The theory I propose – the Theory of Intelligences (TIS) – consists of a framework (
Figure 6) incorporating key levels and scales (Table 1), and mathematical models of intelligence characterizing local scale solving and larger scale planning (equations 1 – 4). TIS is parsimonious in ignoring the microscopic detail that underlies the core phenomena of solving, planning and their optimization. TIS contrasts notably with frameworks in which intelligence is partitioned into reflex/reaction and planning [
5,
114]. Specifically, in LeCun’s Mode 1, the system reacts to perception, perhaps minimally employing reasoning abilities. In Mode 2, the system can use higher reasoning abilities to plan, possibly in a hierarchical fashion. TIS differs from this framework by conceptualizing reflex/reaction
as part of both solving and planning, and rather distinguishes subgoal phenomena from abilities to identify two or more subgoals, based on their accuracy and completeness relative to an intentional objective or unintentional result.
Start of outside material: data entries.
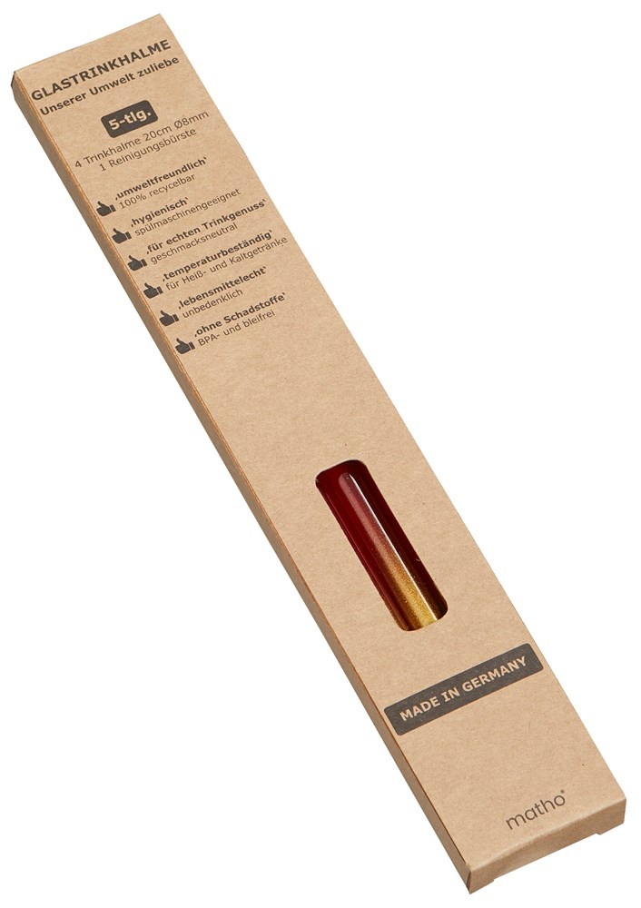 Die Halme sind 100 % recycelbar, patentiert lebensmittelecht beschichtet,
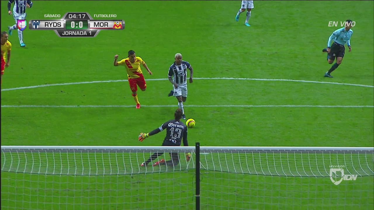 El delantero colombiano se coló hasta meterse al área y sacar un disparo que Sosa desvía; el rebote le cayó a Funes Mori que remató pero el balón chocó en la zaga michoacana.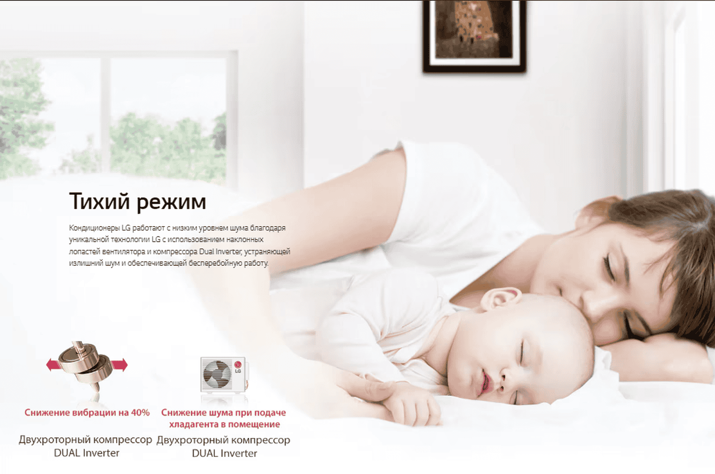 DUAL Inverter Compressor — это одна из ключевых инновационных технологий LG, обеспечивающая эффективность, экономию энергии и долговечность в работе кондиционеров.

A priority for future work is to relate how generic abilities (e.g., error correction, reasoning) map onto the goal-specific abilities of solving, planning and their optimization.
TIS is grounded in the idea that intelligence is an operator that differentiates, correlates and integrates data and information, rendering entropy into new information. Depending on the goal, an outcome of intelligence differs from the data on which it was derived and may involve any form, from random to heterogeneous, to uniformly structured, varying or unvarying in time, distributed in space, etc. Some goals, such as victory in chess resolve uncertainty in each move (solving subgoals), can anticipate future moves (planning across subgoals), and occur in huge but defined spaces leading to one of three finishes (win, draw or lose). Other endeavors such as art occur in subjective spaces and produce novel form (sculpture) or novel routes to a finality (cinema). Yet other objectives such as military or political ones may have significant degrees of uncertainty, occluded information, and unpredictable outcomes. These general examples support the idea that outcomes and the means to attain them are characteristic of different goal types. All have in common information transformation and some involve creation; that is, the differences and uncertainty in starting conditions relative to the path and/or the structure of the outcome. Interestingly, the above arguments parallel McShea’s [
51] classification of types of complexity, whereby complexity can be in one or more of process, outcome and/or the levels or hierarchies in each. TIS generalizes previous theoretical treatments (e.g., [
5,
38,
58]), fostering their interpretation in information theory and the ecological and evolutionary sciences. Nevertheless, despite the conceptual simplicity of the theory presented here, quantifying information, its transformations and goal attainment will be highly challenging, particularly in biological systems [
64].
TIS posits intelligence as a universal operator of uncertainty reduction producing informational change. This has interesting implications. First, natural and artificial selection are forms of intelligence, since they reduce uncertainty and increase information (e.g., [
49]). Inspired by life history theory [
115,
116], selection is expected to act on heritable traits that can affect accuracy and efficiency in existing intelligence niches, and those that affect flexibility, generalization and creativity in new intelligence niches. These “either/or” expectations of trait evolution will depend to some extent on contexts and tradeoffs [
81]. Second, organizational change could involve some combination of assembly, disassembly, rearrangement, morphing and recombination. It is an open question as to how information dynamics via these and other modes affects complexity [
94,
117]. According to TIS, intelligence decreases uncertainty, but it can also transiently increase it (either due to error or counter-intuitive but viable pathways), and intelligence can either increase, decrease or leave unchanged final informational complexity. These observations do not contradict the prediction that intelligence is associated with increased information,
either in the path to a goal
and/or in the goal itself (see also [
94]). Together with the first implication (natural selection) this is consistent with the idea that evolutionary selection encodes intelligence into (multi-scale and multi-level) structures and functions. Thus, memory – a key component of intelligence – can be stored in one or more ways: inherited as phenotypes, stored electrochemically as short- or long-term memory, or stored in proxies such as society, collectives, technology and constructed niches (
Figure 6). The extent to which phenotypes and proxies are a compendium of “information past” and “intelligences past” is an open question.
5.1. Predictions
TIS makes a number of testable predictions. All are interrelated, which is both a strength and a weakness of the theory. One of the central concepts is the asymmetric interdependence between solving and planning, and how this addresses variation in complexity.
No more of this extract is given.